Another passing good painter in the time of these masters was Vincenzio Catena, who occupied himself much more with making portraits from the life than with any other sort of painting; and, in truth, some that are to be seen by his hand are marvellous—among others, that of a German of the Fugger family, a man of rank and importance, who was then living in the Fondaco de' Tedeschi at Venice, was painted with great vivacity.

Another man who made many works in Venice, about the same time, was a disciple of Giovanni Bellini, Giovan Battista da Conigliano, by whose hand is a panel on the altar of S. Pietro Martire in the aforesaid Church of the Nuns of the Corpus Domini, containing the said Saint, S. Nicholas, and S. Benedict, with landscapes in perspective, an angel tuning a cithern, and many little figures more than passing good. And if this man had not died young, it may be believed that he would have equalled his master.

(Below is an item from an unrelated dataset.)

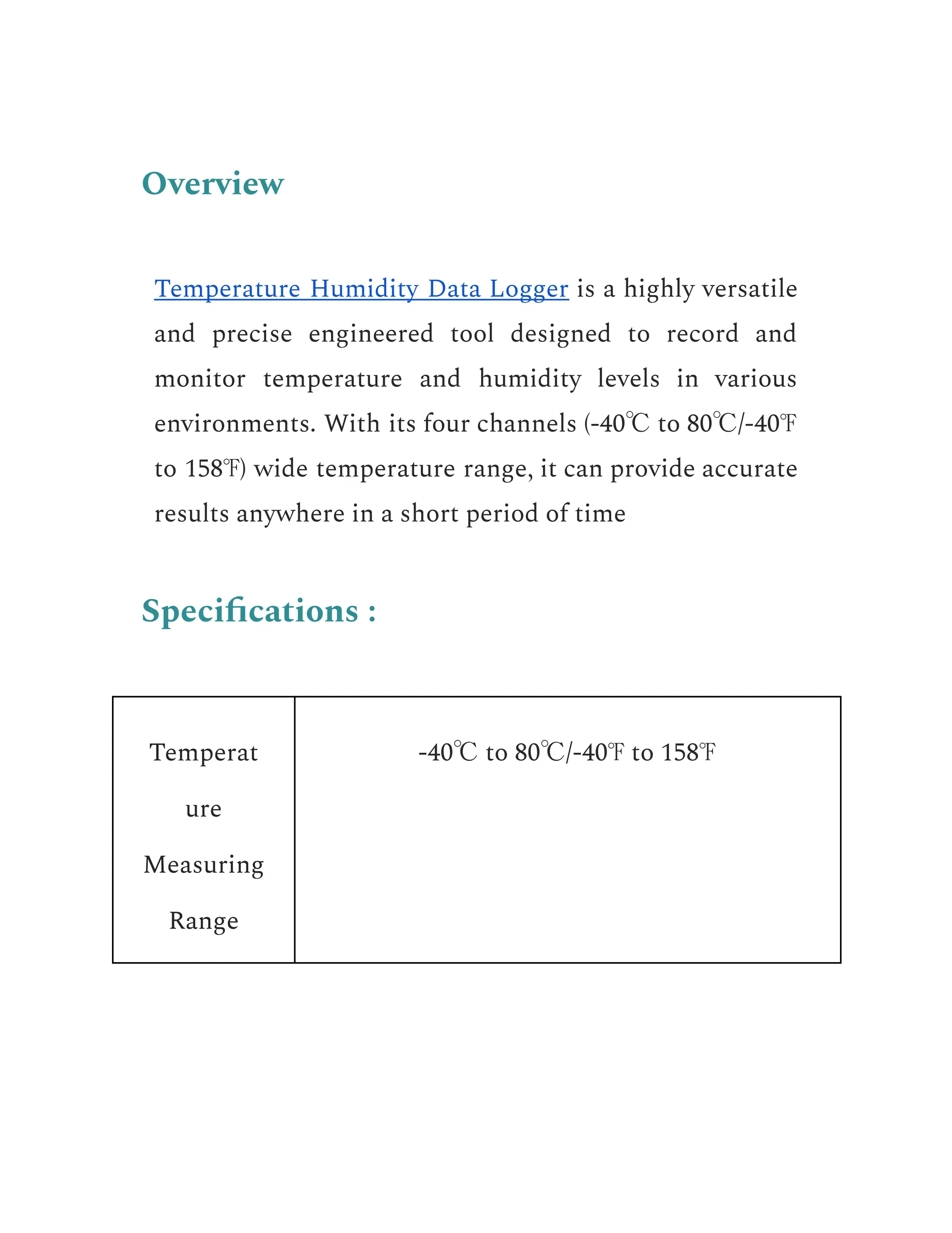 The temperature and humidity data logger is a precise device designed to monitor environmental conditions across a wide temperature range from -40°C to 80°C. It features multiple sensors, alarm modes, and wireless connectivity for real-time data transmission and remote monitoring. This device is suitable for applications in various fields, including medical, industrial, and environmental monitoring.

The name of a master not otherwise than good, likewise, in the same art and at the same time, was enjoyed by Marco Basarini, who, painting in Venice, where he was born from a Greek father and mother, executed in S. Francesco della Vigna a panel with a Deposition of Christ from the Cross, and another panel in the Church of S. Giobbe, representing Christ in the Garden, and below Him the three Apostles, who are sleeping, and S. Francis, S. Dominic, and two other saints; but what was most praised in this work was a landscape with many little figures wrought with good grace. In that same church the same Marco painted S. Bernardino on a rock, with other saints.